Повозившись немного, уснул и Володя. Теперь у костра сидели только Иван и Гриша. На тускло светящиеся угли Гриша бросил последние сучки, и они медленно тлели, почему-то никак не разгораясь.
— Пойдем взглянем на лошадей да тоже немного подремлем перед рассветом, — сказал Иван и потянулся, обхватив руками затылок.
Приятели встали и зашагали к поляне. Кони мирно паслись; некоторые из них лежали, сонно понурив головы. Успокоился и Воронок. Он пристроился возле матери, положив ей на спину голову.
— Тишина какая, — сказал Гриша, — не то что в городе…
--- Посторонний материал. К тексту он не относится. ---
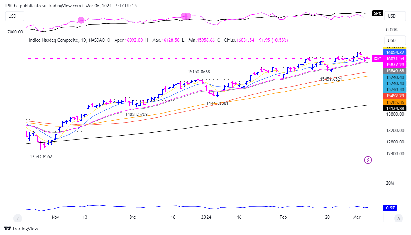 Il Nasdaq sta mantenendo livello di 16000 punti, ma c’è una divergenza fra i titoli legati al tema chip e server di intelligenza artificiale che continuano a crescere, e molte altre azioni tecnologiche che hanno testato o rotto supporti chiave di recente.
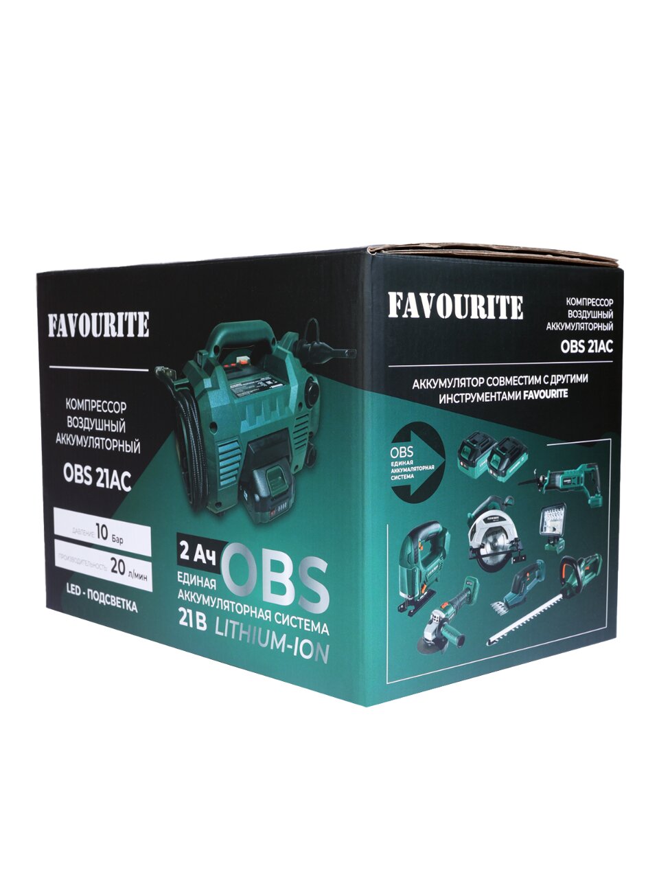 Аккумуляторный компрессор Favourite OBS 21AC — мощные 21В, 20 л/мин и 10 бар для быстрого накачивания шин и бытовых задач. Удобство, мобильность, экономия времени.

Иван предложил взобраться на невысокий глинистый бугор, поросший мелким кустарником, и посмотреть на реку. С бугра хорошо видны и Волга и Жигулевские горы.
На гребне бугра Иван и Гриша долго и молча глядели на Волгу.
Потом они вернулись к потухшему костру и начали укладываться спать.
Поднялся Трезвый. Он посмотрел на ребят, вильнул хвостом и опять свернулся в клубок.
Все крепко спали.
На востоке уже появилась тонкая зеленовато-светлая полоска. И как-то незаметно, очень медленно, стало синеть небо. Меркли звездочки, словно испарялись росинки. Становилось свежо и сыро. Рождалось новое утро.
На Волге
Тяжелая, неуклюжая лодка вяло покачивалась на ленивой волне. На лавочке вдоль борта лежал парень в розовой полинявшей косоворотке. Свесив вниз обмотанную полотенцем голову, он жевал соломинку.
Желтая вода искажала отражение его скуластого загорелого лица, и оно то вытягивалось и становилось похожим на дыню, то сжималось и делалось приплюснутым, как колобок.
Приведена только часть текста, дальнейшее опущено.